Thursday, October 26, 2006

Like a Family

There's one department in my area that consistently gives me fits (and gets them right back). The instincts of its leadership clique strike me as consistently and mysteriously wrong. It's as if they're right-handed kids stuck using left-handed scissors – despite their best efforts, everything just gets mangled.

From what I hear in the grapevine, the reverse is also true. They have absolutely no idea how to read me, and it's making them crazy. I violate as many of their unspoken assumptions as they do mine. Of course, they all got tenure during the Nixon era, so there's a limit to how many issues I can force.

A chance comment by one of its leadership clique this week helped me start to bring it into focus. She mentioned, proudly, that the group is like a family.

Eureka!

She's right, and that's wrong.

Although I spent years in feminist theory seminars learning that the public/private distinction works to the detriment of women and other excluded groups, I've found in practice that a good public/private distinction actually works to preserve sanity. Mixing the two is when things go haywire.

Family relationships are permanent, developmental, complicated, binding, and particular. Families have internal traditions that are both arbitrary and enforced, and that's fine; some take an annual group vacation, some have annual drunken brawls over long-simmering resentments, and, most embarrassingly, some willingly eat lutefisk. It's part of what defines a family. Families have their quirks and rhythms based on a generational life-cycle.

Work relationships are temporary (tenure aside), ephemeral, role-based, and restricted to grownups. Although you wouldn't know it from the way some people talk, none of the professors here was raised in the office from infancy. In a work setting, arguing from data should trump arguing from loyalty. In a family setting, not so much. In a work setting, judging performance is not only permissible but mandatory. In a family setting, it's hard even to define what 'performance' is.

For whatever reason, I've got a cluster that honestly thinks of itself as a family. So when “outsiders” show up, requesting “change” for the sake of “improvement,” they see it as interloping. Would you add a new grown sibling to your family for the sake of affirmative action? Of course not. When the colorful misanthropic uncle blows off work, the family rallies around him to hide his shortcomings and deny any damage.

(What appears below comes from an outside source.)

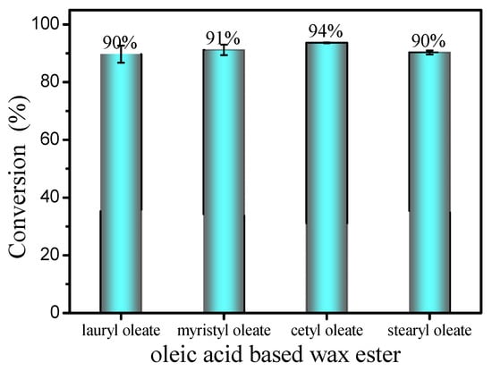 The substrate scope for wax esters production was investigated under optimum reaction conditions (Figure 10). Esterification of oleic acid (99% purity) and various long-chain fatty alcohols (C12–C18) was conducted. Interestingly, esterification shows excellent conversion rates (90.0–94.0%) for various long-chain fatty alcohols, including lauryl alcohol, myristyl alcohol and stearyl alcohol. After purification by silica gel column chromatography, various liquid wax esters, including lauryl oleate, myristyl oleate and stearyloleate, were obtained with a purity of up to 99%.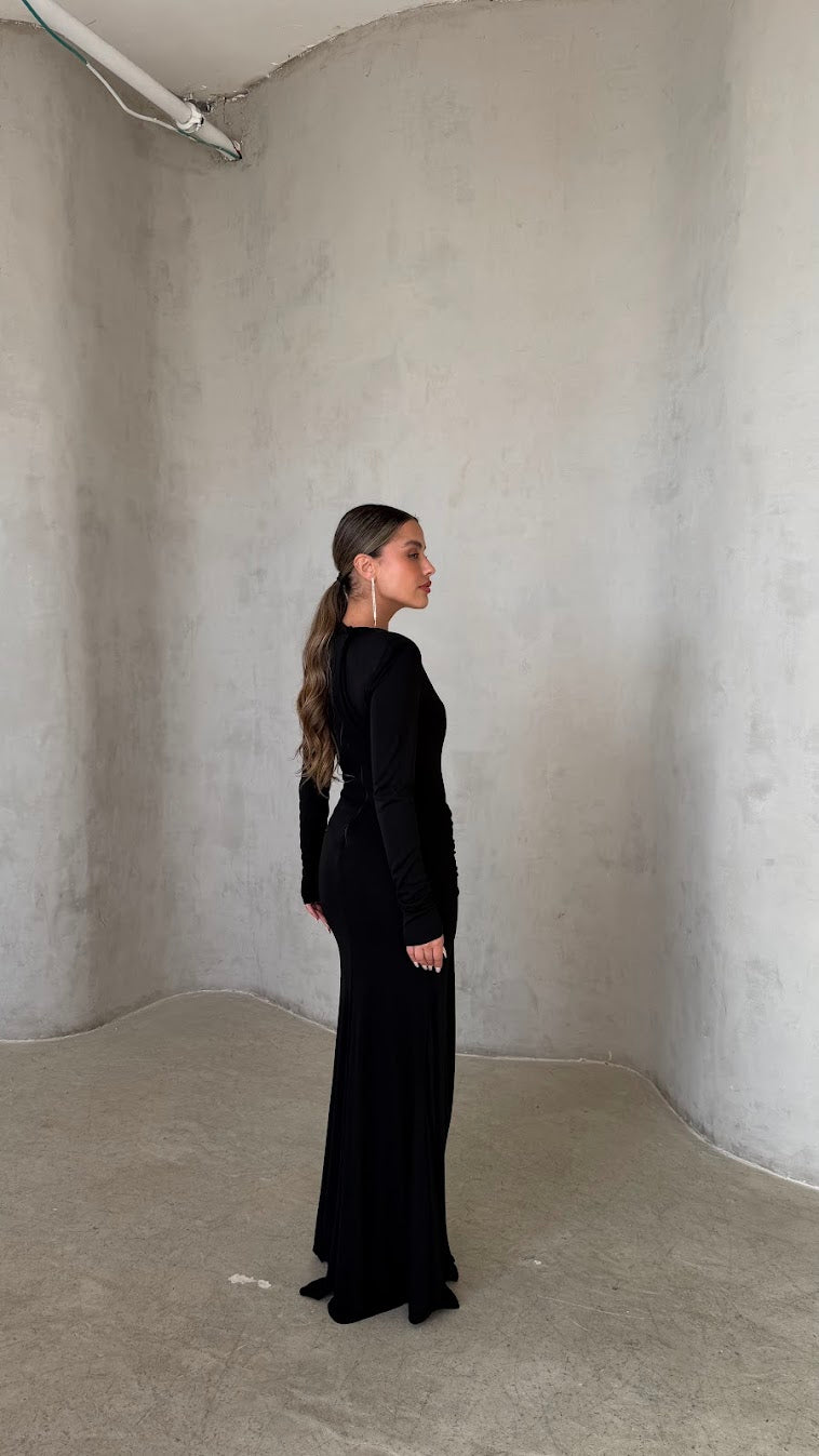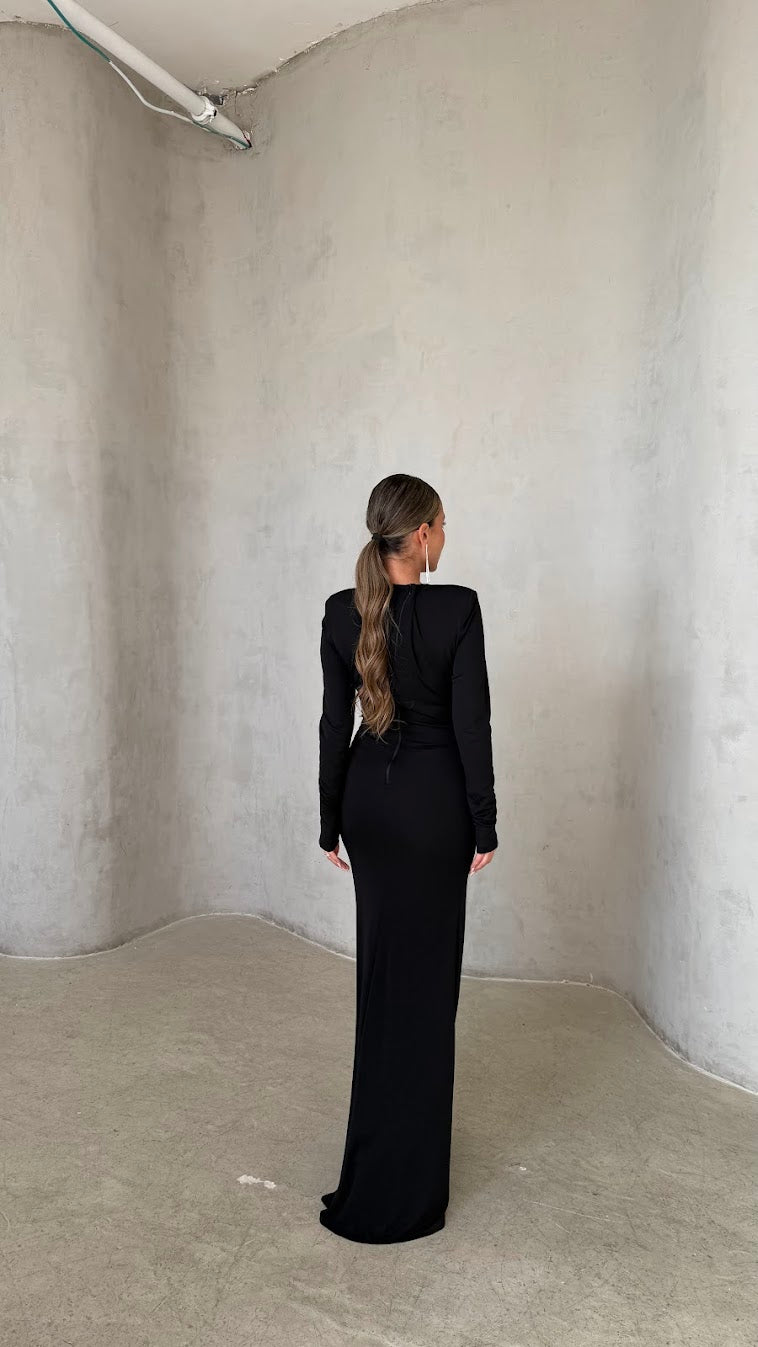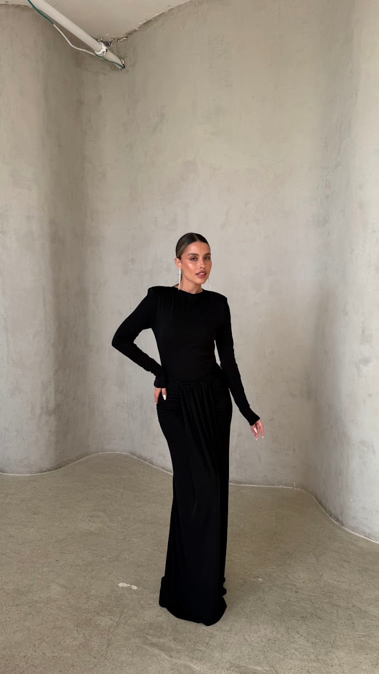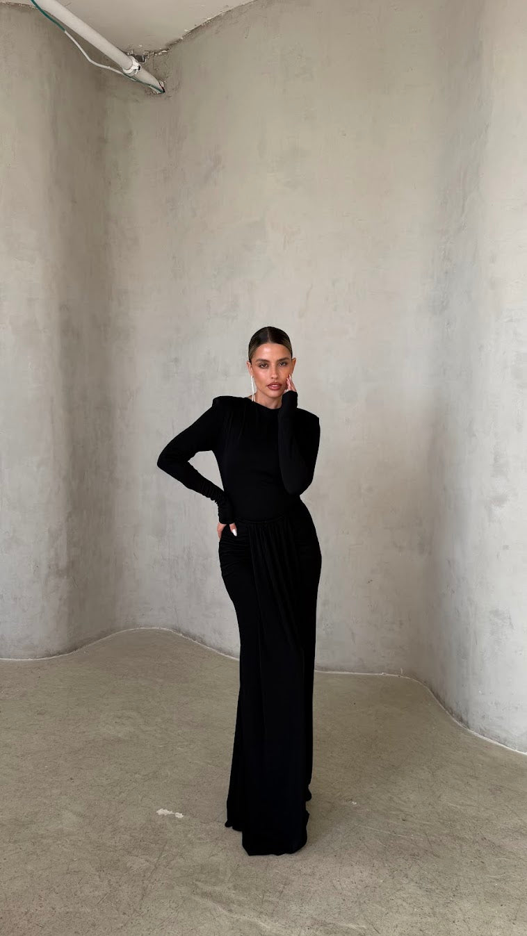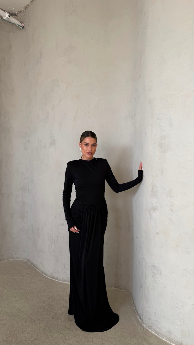 שמלת מקסי בגזרה מחטבת עם כתפיים מודגשות וסילואטה נשית ונקייה.

When an “outsider” starts asking about it, the outsider is the problem.

That's fundamentally sick.

I don't know about their home lives, and I honestly don't want to. I don't want to be the son-in-law or oddball family friend. I need them to step up and work like the work matters, and to deal with professional relationships professionally. It's one thing to juggle 'dean' and 'dad,' but quite another to confuse them.

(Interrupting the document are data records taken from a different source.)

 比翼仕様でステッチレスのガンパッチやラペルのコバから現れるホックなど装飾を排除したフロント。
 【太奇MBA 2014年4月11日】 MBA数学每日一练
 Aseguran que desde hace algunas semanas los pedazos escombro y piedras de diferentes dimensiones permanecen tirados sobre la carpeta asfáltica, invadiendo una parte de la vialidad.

This is a very difficult set of assumptions to change, since most of them regard the 'family' ideal as both desirable and a reflection of years of hard work. Disenchantment of the world is a hard sell. It's no fun to tell a close-knit group that their beloved father figure hasn't lifted a finger since 1982, or that the compromises they've worked out on several procedural matters stink to high heaven and stand to get us slammed at the next reaccreditation visit. Their first reaction is to unite against the common enemy, since that's much easier than confronting reality.

Add the fact that I'm dramatically younger than most of them, and their visceral discomfort starts to make sense. There's no room in their family narrative for the youngster to outrank them. The only way that should happen should be when they're on the decline. The way to prove they're not on the decline is to beat the crap out of the youngster who doesn't know his place.

But I do. My place is in the dean's office. Their place is at work. A department is not, and should not pretend to be, a family. Leave the dysfunctions at home, where they belong. We have work to do.